There just needs to be a reason to use something your cities provide to conquer the opponents and/or the world. As it stands, all the cities do is provide you with things that you can use to make more cities. Your sov is capable of generating everything he needs to do the conquering all on his own. He is a fully self contained, self sufficient wrecking ball.
Your cities generate research to research buildings that allow them to generate more research. It makes me think of some sort of hand cranked machine that somehow turns its own crank but never accomlishes anything or goes anywhere.
Brad, there needs to be dangers and challenges in the world that your soverign cannot handle without something that only the cities can provide. The game NEEDS them, desperately. You can tweak unit balance all you want, but until cities are just flatly indespensable and intrinsic to surviving and progressing in the world, you simply don't NEED them.
More good ideas^
Let's take em a step further and require the champion to be stationed in the city with the building for a certain number of turns in order to learn the new trait it offers.
These are exactly the types of incentives needed to keep champions closer to home that I was referring to. Many of the new traits could be designed as troop enhancers as well, further contributing towards balance between them and champions.
I believe the balance run in the next update will help solve the above issue. However, inversely, cities need to be made more dependent upon champions: goodie-huts and quests should reward city enhancing resources as well (the material costs for buildings and perhaps troops could also be increased).
I think the balance changes will help to asuage the issue, but is still not fixing the core problem that no mechanic of the game intrinsicly requires the sov to rely on the existance of a city aside from the fail-safe in the case of his death.

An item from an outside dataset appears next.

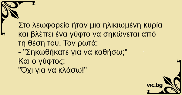 Στο λεωφορείο ήταν μια ηλικιωμένη κυρία και βλέπει ένα γύφτο να σηκώνεται από τη θέση του. Τον ρωτά:
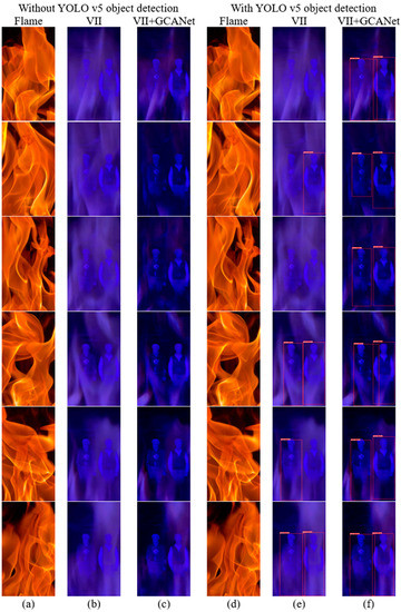In Figure 8, we also present snapshots obtained with and without object detection algorithms for the original fire images, the images with VII, and the images with combined VII and GCANet. It can be seen from Figure 8a that the people hidden behind the flames were blocked when the images were taken without VII. After using VII, the outlines of the people, shown in Figure 8b, could be roughly seen. However, the visibility was not sufficient due to occlusion from soot and smoke. As is shown in Figure 8c, the visibility improved significantly and the figure could be clearly seen after the image was processed by GCANet. Figure 8d–f show the results of YOLOv5 detection. We can see that no target could be identified when the images were shot without any LED light or filter. After using 405 nm LED light and a matched band-pass optical filter, a few targets could be identified. After images were processed by GCANet, the accuracy and probability of identification were both improved by a large margin.

Cities absolutely do not need to depend more upon champions. Certainly they can stand to benefit from the existance of the champions, such as the example you mentioned of goodie huts containing more city resources than champion resources, but the true problem is the exact opposite of what you've stated here. Champions need to depend more on cities. The city needs to provide things to the champion that the champion cannot provide for himself. The champion needs to provide things to the city that the city cannot provide for itself. One hand washes the other. Currently the champion and the city wash their own hands.
Make regeneration work only if you don't move that turn. That will blunt the kiting tactic.
Again, I didn't kite. I auto-resolved all but perhaps 5 or 6 combats.
The system would obviously need to be balanced so it wouldn't take 500 turns.
We agree. Balance will be found through stronger relationships between entities which appear oppositional.